17 November 2012

Kenya: Inside the Suguta Valley of Death


The year is 1995. As an investigative journalist, while I was working for a local daily in Nairobi, I traversed the North Eastern province and the hardship areas of Moyale, Baragoi and even into the dreaded Suguta Marmar valley known for its fiercest bandits.

My main objective was to understand the terrain in those areas after coming under government criticism that I was not reporting correctly on matters of banditry in northern and north eastern Kenya.
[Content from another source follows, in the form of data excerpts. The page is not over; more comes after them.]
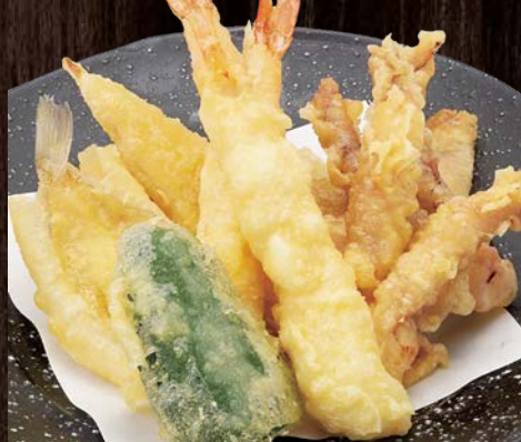
海鮮天ぷら…… 980円(税込)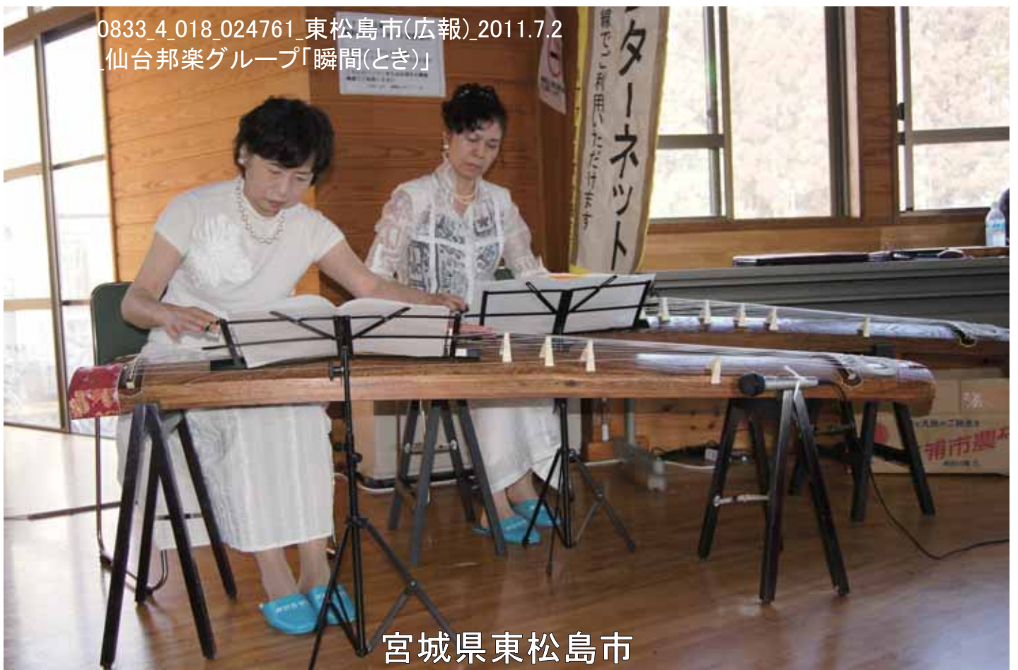
0833_4_018_024761_東松島市(広報)2011.7.2 _仙台邦楽グループ「瞬間(とき)」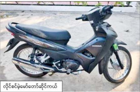
လိုင်စင်မဲ့မော်တော်ဆိုင်ကယ်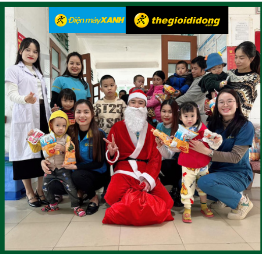
Điện Máy Xanh Kim Sơn: Tặng Quà Giáng Sinh cho Bệnh Nhi Trong Dịp Noel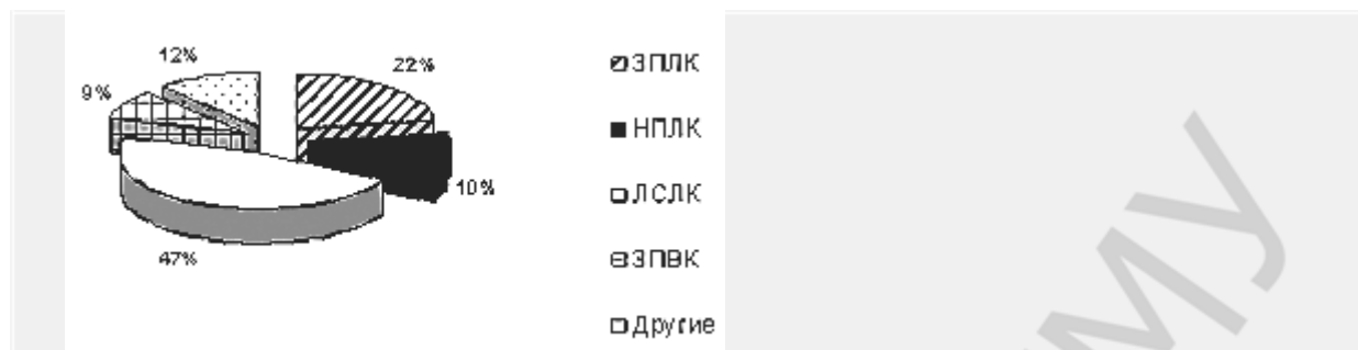
Рис.1. Распределение больных с патологией кистевого сустава

несросшийся перелом (НПЛК) – 6 (9%); ложный сустав (ЛСЛК) – 27 (47%); закрытый перилунарный вывих кисти и вывих полулунной кости (ЗПВК) – 7 (9%).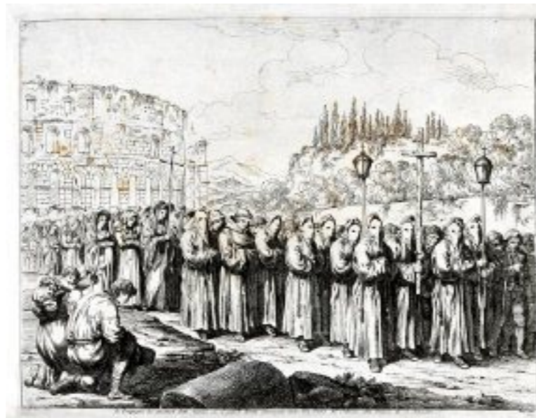
Prozession nach der Kreuzwegandacht im Kolosseum, an der Spitze die Büsserbruderschaft der Sacconi; Kupferstich, Bartolomeo Pinelli, 1820

Als im Geist der Gegenreformation Andachtsformen der Kreuzesmystik besondere Förderung erfuhren, trugen li-

It was during that period that bandits in the two regions had heightened their attacks on villagers and security personnel posted there. I had been warned by State House against reporting negatively about the security system in Kenya and President Daniel arap Moi through the then North Eastern PC had warned me of dire consequences.

Just a day, after receiving a State House warning, a military base commandant at the Garissa Military Camp invited me for a familiarisation trip in their chopper locally called *Waiwai.*

Our trip in a gunner chopper began in Garissa where we flew to Wamba on the border between Garissa South and Coast province. We then flew to Liboi, Wajir and Mandera.

On the trip, the army CO showed me how expansive the borderline between Kenya and Somalia is. He indicated that the borderline is so porous that illegal guns could come into the country unrecognised by our security personnel.

At the end of the trip, that I had reluctantly accepted, I realised that many arms could come into Kenya through many fronts and especially Somalia that had warlords who were fighting over resources and towns after the fall of former President Siad Barre.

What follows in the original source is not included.